Friday, July 18, 2014

Peter Rollins - The Call to Brokenness




If you don’t want your faith to be challenged, do read this post
http://peterrollins.net/2014/07/if-you-dont-want-youre-faith-to-be-challenged-do-read-this-post/

by Peter Rollins
July 15, 2014

In my last book there’s an interesting typo on the back cover. While Tony Jones assures me that he wrote, “If you don’t want you’re faith to be challenged, don’t read this book,” you will see on the back,

If you don’t want you’re faith to be challenged, do read this book

In [psycho]analysis, the analyst listens carefully and patiently for the precise moment when the person on the couch stumbles, makes a slip, or hesitates. For it is at these moments that an unconscious truth is potentially being spoken. Ironically, it is precisely such slips of the tongue that the person on the couch attempts to dismiss with phrases like, “that’s not what I meant,” “or I just made a basic mistake.” Here they spoke something without intending it, they confessed something without meaning it, and the clinical work of analysis bears witness to the fact that such unintended sayings can act as a royal road to some undisclosed, and often unpleasant, truth. Hence psychoanalysis is a discipline that listens out for what everybody else ignores, passes over or just plain fails to see.

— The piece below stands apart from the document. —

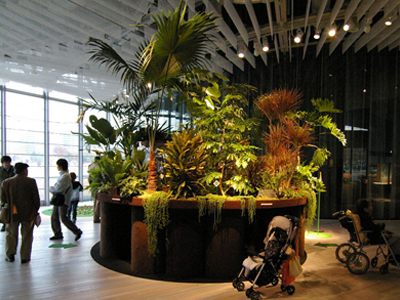 付け加えると、室内環境という今回のこの会場内で、この装置の中では、観葉植物と言われる南方系の植物、とりわけ形や色に特別特徴的な植物を多く置いている。これは、公園という日常生活の延長上にありながらちょっとした逃避環境となっているポジションを際だたせる意図と、公園が世界的に普遍的なシステムであるということを表わすためのものである。

So what if we were to put The Idolatry of God on the couch and ask what this mistake (what is called a “sic” in publishing) might mean? Of course it is highly unlikely to be intended by anyone involved in bringing the book to press. The copy/editor would have no reason to do it on purpose, and the editors where unlikely to have left it in for the sake of malice. Indeed I’m very sure that I was shown a copy of the back cover before it went to print, and I certainly didn’t see the mistake.

Just like in daily life, the relatively large number of people looking at the book before its publication missed the slip entirely. Indeed, more than this, I’ve never once had anyone mention it to me, which leads me to suspect that there is virtually no one in the world who has actually noticed it.

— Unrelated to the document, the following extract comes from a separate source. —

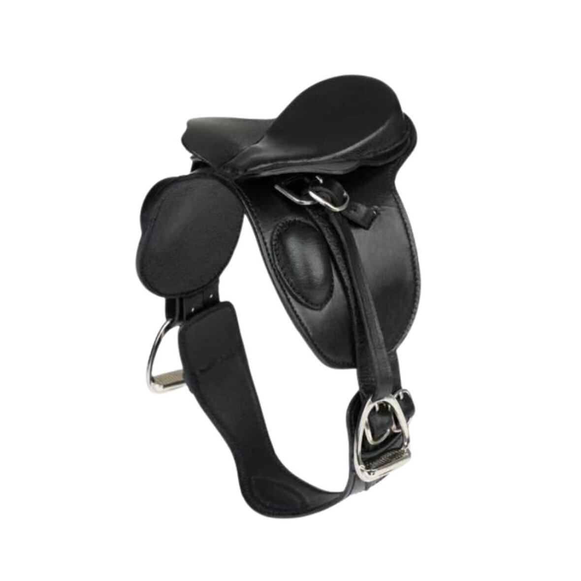 Dressur sadle som passer til mini toy ponyerne fra LeMieux. Denne sadel er lavet i ægte læder og er med gjord, stigbøjler, stigremme og store knæpuder som i en rigtig dressur sadle.

But what truth might be held in this unseen Freudian publishing mistake?

I want to throw out one possible interpretation, and it’s this. The book itself is attempting to ask people to question their fundamental way of being in the world. Not just religious people, but those who describe themselves as secular (though the book is more aimed at the former). It’s making a demand… and the demand is to overturn our pursuit of wholeness and mastery so that we might find liberation through embracing a fractured existence without guarantees.

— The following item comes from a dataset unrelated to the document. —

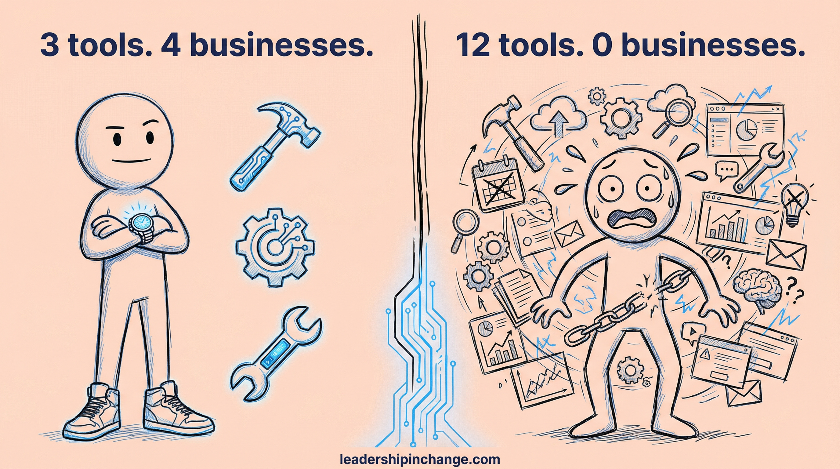 Two solopreneurs walk into 2026 with the same three AI tools. Same subscriptions, same access, same tutorials bookmarked. Six months later, one of them is running a smoother operation than they have ever had. The other is drowning in half-configured dashboards, abandoned automations, and a growing suspicion that AI is just expensive noise.

But what if this is precisely the kind of book one can read so as to broadly avoid such a fundamental change and maintain the status quo? What if many people read me precisely to feel a little bit edgy without having to actually do the work that I am asking? This is a point that Katharine Moody insightfully glimpsed in an article entitled “Becoming Church Mice: From Refusing to Lead to Refusing to be Led.” Here she writes,

"Rollins’… courses like Atheism for Lent and The Omega Course [were] courses designed to send people off course. They were not so much offered as courses to be faithfully replicated than [to be] inspiration… to depart from Rollins’ courses and create their own… His work tries to recall us to the fact that we are all poets, all singer-songwriters and story-tellers. For… [we] all weep and pray, all doubt and disbelieve, are all a/theistic. The community of faith is called to be a community of Poets… rather than of Critics. We are to all enter into this Crucifixion experience fully ourselves… But… in a reversal of the function of many other church leaders who believe on behalf of the community, are we letting Rollins disbelieve on behalf of the community?" [Italics mine]

In other words, by reflecting upon the smashing of the idols are we really just doing the equivalent of having a nice daydream in which we imagine being freed from a horrible job so that we can wake up refreshed and actually go to it?

For dreams, at their worst, act to make our reality bearable.

Yet, perhaps an alternative is possible. For dreams, at their best, can lead into a fight where we struggle to change our reality.

Rendering it into something wonderful.